Without a decent well thought out plan, or plans, everything can quickly descend into a mess of uncoordinated activity, duplication of effort, loss of sight of the target, overshoot of budget, resource and deadlines and, ultimately, project failure. (Sound familiar in the context of the SNP leadership since 2014 in respect of restoring Scottish statehood?)
So I understand why there is a need for a ‘critical path’, that some things have to be done serially as they have prior dependencies whist others can be carried out in parallel since they are autonomous activities. This is the cost-effective and time-efficient way to do things. (I’m sure this WON’T sound familiar regarding the SNP leadership of the last 8 years in pursuit of the restoration of Scotland’s full self-government).
It’s a pain to do but without investing the effort up front in developing a ‘route map’ and ‘check points’ along the way you end up directionless and lost quite quickly.

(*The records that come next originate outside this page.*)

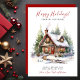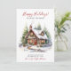 Esta rusticada coloração aquática Feliz Feriados nova casa para o cartão de anúncio de feriados com uma cabana de madeira festivamente decorada com arbustos de pínus e árvores seria perfeito para enviar para seus amigos e família agora que você se mudou para uma nova casa. O sentimento é personalizável. Basta para que todos que conheces e amamos tenham o teu novo endereço. Ficarão tão animados com a sua grande jogada!
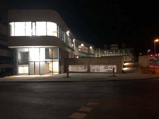 | Beteiligte Fach- und Ingenieurbüros | RÜTTGER u. HERBORG GmbH - Planungs- und Ingenieurbüro, www.ruettger-herborg.de REITZ und PRISTEL Ingenieurgesellschaft für Tragwerksplanung mbH, www.rp-tragwerk.de Döring Beratende Ingenieure GmbH, www.doering-tga.de Bakowies Reinhard & Sohn Ingenieurbüro für Versorgungstechnik, - |
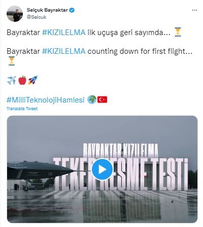 Bayraktar paylaşımında, "Bayraktar KIZILELMA ilk uçuşa geri sayımda" ifadelerini kullandı.

Which brings us to the current SNP leadership.
Nicola Sturgeon is not a strategic thinker. She does not possess original thought. She is a one-trick pony. And somebody else’s pony at that: The Section 30 referendum was the plan for 2012. It’s not, or it should not be, the “plan” for 2022.
I expect the ‘blueprint’ will, at best, be a regurgitation of the aim to hold a S30 referendum by the end of 2023, perhaps containing some futile non-details much like Mike Russell’s “11 point plan” from 18 months ago. (Not that the likes of bulk of The National’s commentators and readership care too much – to them the holy grail is holding the referendum rather than actually dissolving the Union – the means has become the end).
And, if you were to follow directions in a route map developed by the SNP leadership for how to travel between Scotland’s two largest cities you would most likely end up proceeding from Edinburgh to Glasgow by way of Tokyo.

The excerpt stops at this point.